OECD: global growth too weak to trim inequalities
THE small pick-up in global growth expected this year is not enough to trim inequalities around the world, the OECD said yesterday as it called on nations to launch reforms to remedy the situation.
“We need a more inclusive, rules-based globalization that works for all, centered on people’s well-being” said OECD chief Angel Gurria, as the body released updated economic forecasts.
The Organisation for Economic Cooperation and Development, which provides analysis and policy advice to advanced economies, increased its forecast for global growth this year by two tenths of a percentage point to 3.5 percent on a recovery in global trade, even if remains below the levels before the onset of the global economic crisis.
“This still-modest cyclical expansion is not yet robust enough to yield a durable improvement in potential output or to reduce persistent inequalities,” said the OECD’s chief economist, Catherine Mann.
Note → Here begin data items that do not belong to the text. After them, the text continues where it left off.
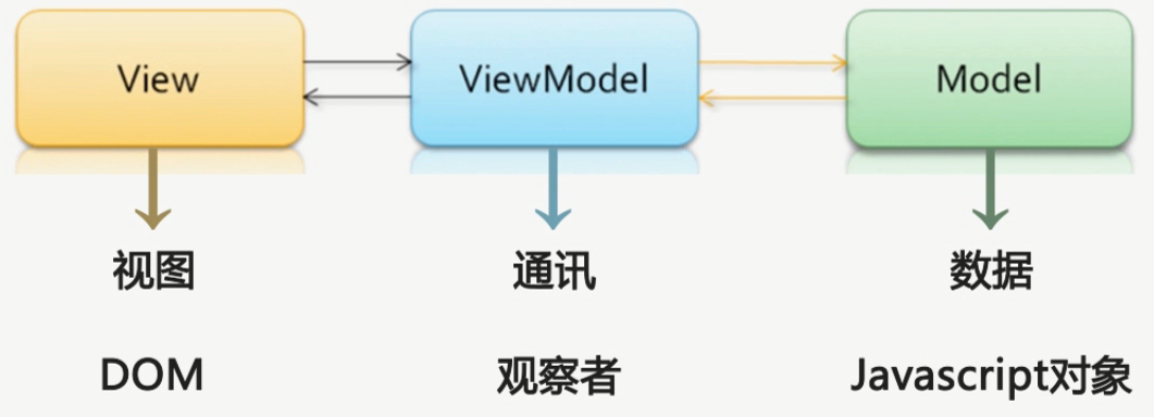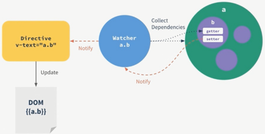 结合上面两张图,再看看下面一张图,进一步理解vue.js实现双向数据绑定的原理(又称为数据响应原理,即数据【model】改变驱动视图【view】自动更新):
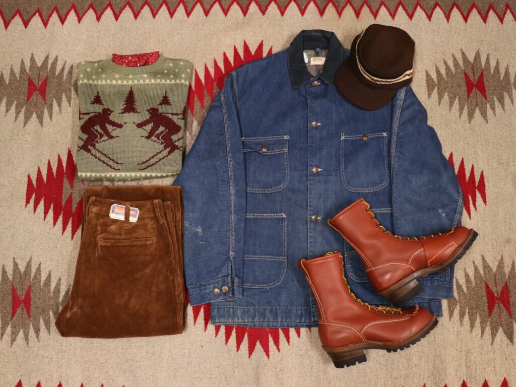 秋冬の着こなしに活躍するデニムのカバーオールは、10ozデニムにライニングが付いているので暖かく、襟元のコーデュロイもアクセントになり、Gジャンとはまた違った着こなしを楽しめます。ボトムスは、秋冬コーデの定番コーデュロイパンツ。1940年代のデザインは、太さのあるシルエットですが、クッシュマンのパンツの良さは、腰回りがダボつかないのでスッキリとしたシルエットです。
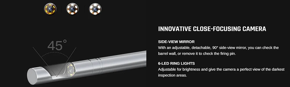 【SIDE-VIEW MIRROR】 - This bore scope with 6 adjustable LED ring light, Come with Detachable 90° side-view mirror. You can check the barrel wall, or remove it to examine the firing point. Includes 3 mirrors in case you lose or break one!
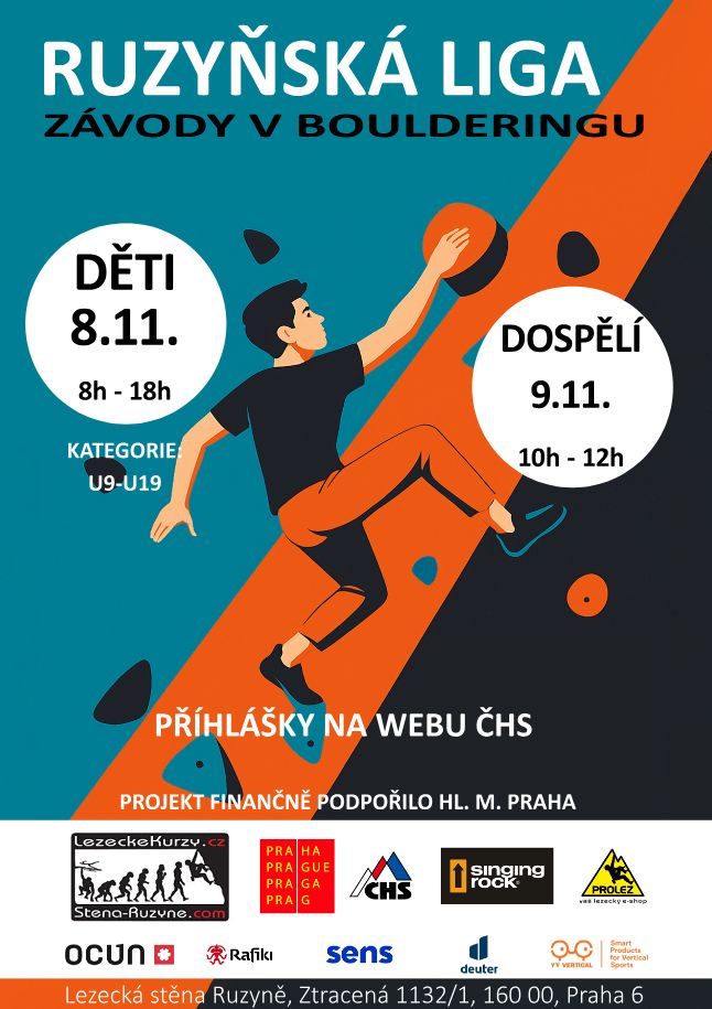 Závod pro děti 8.11. 3.liga - kategorie U9-U19 v čase 8h-18h - jednotlivé kategorie dle rozpisu. 7 bouldrů, bez finále.
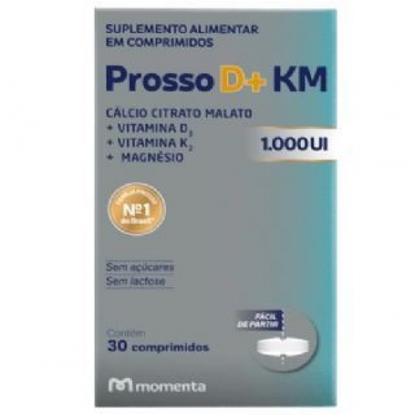 Informações do produto: Prosso D+ KM Momenta 1.000UI, caixa com 30 comprimidos
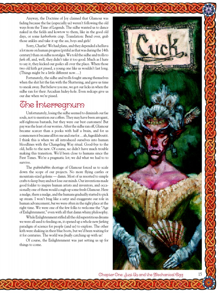 griping now because Dray and those Parliament of Dreams pea-brains are breathing down their necks. Everyone knows the trolls and the sidhe are two peas in a pod. It mashes my nads when they try to deny it! Overseas, the sidhe tried to carve up the British Isles into little kingdoms during the War of Ivy. This time, things went a little differently, we fared a bit better, and now that the smoke’s cleared, nockers’re sitting on thrones in two kingdoms! There’s Lord Davey in the Kingdom of Smoke, and King Morwyd rules the Mistlands during the winter. Hot damn — some respect for once! As for the Arcadian nockers who arrived with the sidhe, they went underground after the war — fast. They’ve sent only a few samples of their work to our Bes Din patent offices. I’ve seen some of it, and I will admit that they’ve improved on their admirable crafting abilities, and I will leave it at that. You need them ears, friend, and what I could say might not do ‘em much good.
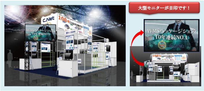 本展示会でシーネットは、今後の物流センター運営に欠かせないソリューションをご紹介し、各ソリューションつなぐメリットを体感頂けるようなブース作りをしました。
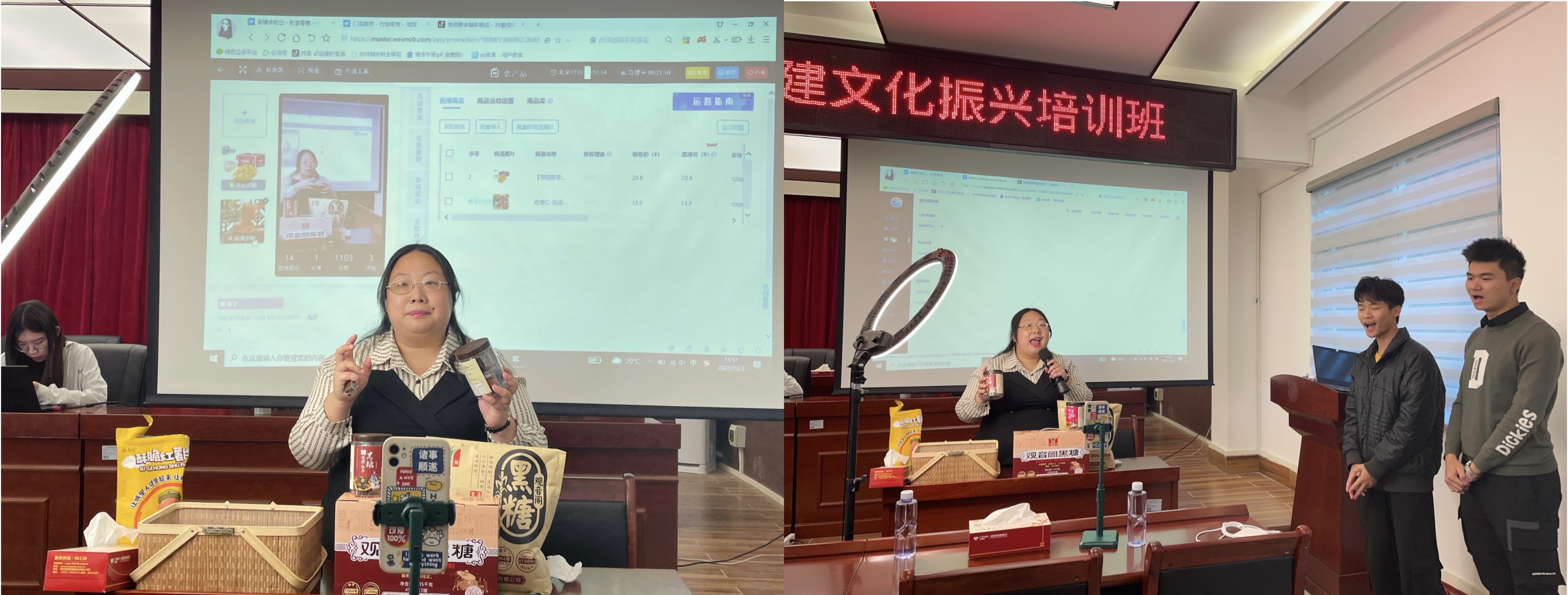 黄洁瑜以农村电商为主题,用接地气的授课方式生动形象的讲授“网络直播”对于农村电商的价值以及短视频运营方法等,建议找准个人定位,认清优势,鼓励大家紧跟时代潮流。

She said changes to budget policies could improve the well-being of citizens, and have positive effects globally.
Danish Prime Minister Lars Rasmussen, who was presiding over the OECD’s ministerial meeting, warned national policies needed to take into account those left behind by globalization.
“We have to realize that the challenges of globalization also need a national response. Not in a sense of increased protectionism (...), but by making the reforms,” said Rasmussen.
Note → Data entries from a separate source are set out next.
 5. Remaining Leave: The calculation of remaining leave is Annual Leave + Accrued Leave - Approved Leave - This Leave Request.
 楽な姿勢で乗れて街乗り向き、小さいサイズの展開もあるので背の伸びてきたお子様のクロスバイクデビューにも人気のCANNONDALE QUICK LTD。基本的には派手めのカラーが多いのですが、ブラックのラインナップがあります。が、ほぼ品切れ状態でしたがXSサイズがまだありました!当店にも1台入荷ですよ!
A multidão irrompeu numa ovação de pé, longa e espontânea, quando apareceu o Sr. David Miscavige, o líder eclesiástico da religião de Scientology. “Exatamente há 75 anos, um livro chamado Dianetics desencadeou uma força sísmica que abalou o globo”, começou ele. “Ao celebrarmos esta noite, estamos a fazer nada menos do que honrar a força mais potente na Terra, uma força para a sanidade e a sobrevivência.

We need “initiatives that ensure job creation instead of job preservation. We need to provide life-long education at all levels to all people in our societies,” he said.
Denmark is a model to many on how to handle the challenge of globalization.
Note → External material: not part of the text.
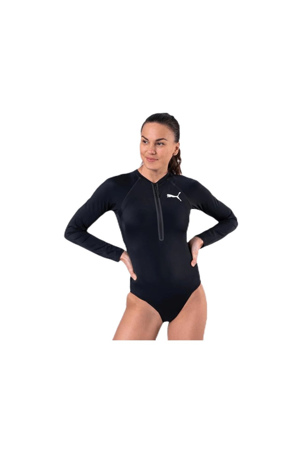 Surf Suit Puma s dlouhým rukávem v elegantní černé barvě je ideální volbou pro všechny milovnice vodních sportů a aktivního pobytu na pláži. Díky přiléhavému střihu a pružnému, rychleschnoucímu materiálu s technologií dryCELL zajišťuje maximální pohodlí, volnost pohybu a efektivní odvod vlhkosti. Praktický přední zip usnadňuje oblékání a slouží také jako ventilační prvek, zatímco dlouhé rukávy poskytují zvýšenou ochranu proti slunci a odřeninám. Jednoduchý, ale stylový design doplňuje decentní logo Puma na hrudi i zádech. Tento surfový oblek je perfektní na surfování, paddleboarding, plavání i další plážové aktivity.
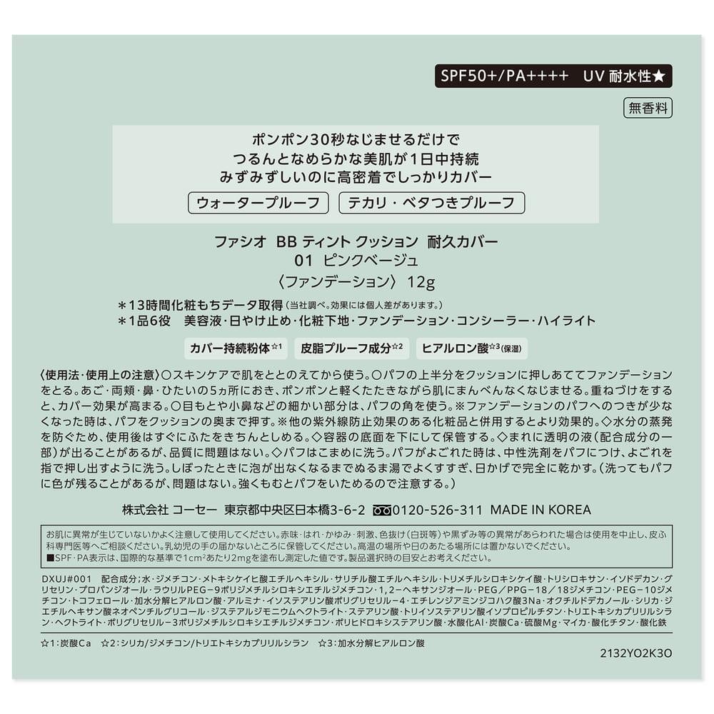 水分の蒸発を防ぐため、使用後はすぐにふたをきちんとしめる。 容器の底面を下にして保管する。 まれに透明の液(配合成分の一部)が出ることがあるが、品質に問題はない。 パフはこまめに洗う。 パフがよごれた時は、中性洗剤をパフにつけ、よごれを指で押し出すように洗う。 しぼったときに泡が出なくなるまでぬるま湯でよくすすぎ、日かげで完全に乾かす。 洗ってもパフに色が残ることがあるが、問題はない。 強くもむとパフをいためるので注意する。

Its “flexicurity” system gives companies the flexibility to easily shed workers when business slows, but workers receive the security of generous unemployment benefits and training programs.
The OECD has found that deeper trade ties with global value chains increased productivity and well-being, but at the same also caused job losses, in particular in manufacturing.
The OECD also updated its country growth forecasts.
It cut its outlook for US economic growth by three tenths of a point to 2.1 percent after a weak first quarter.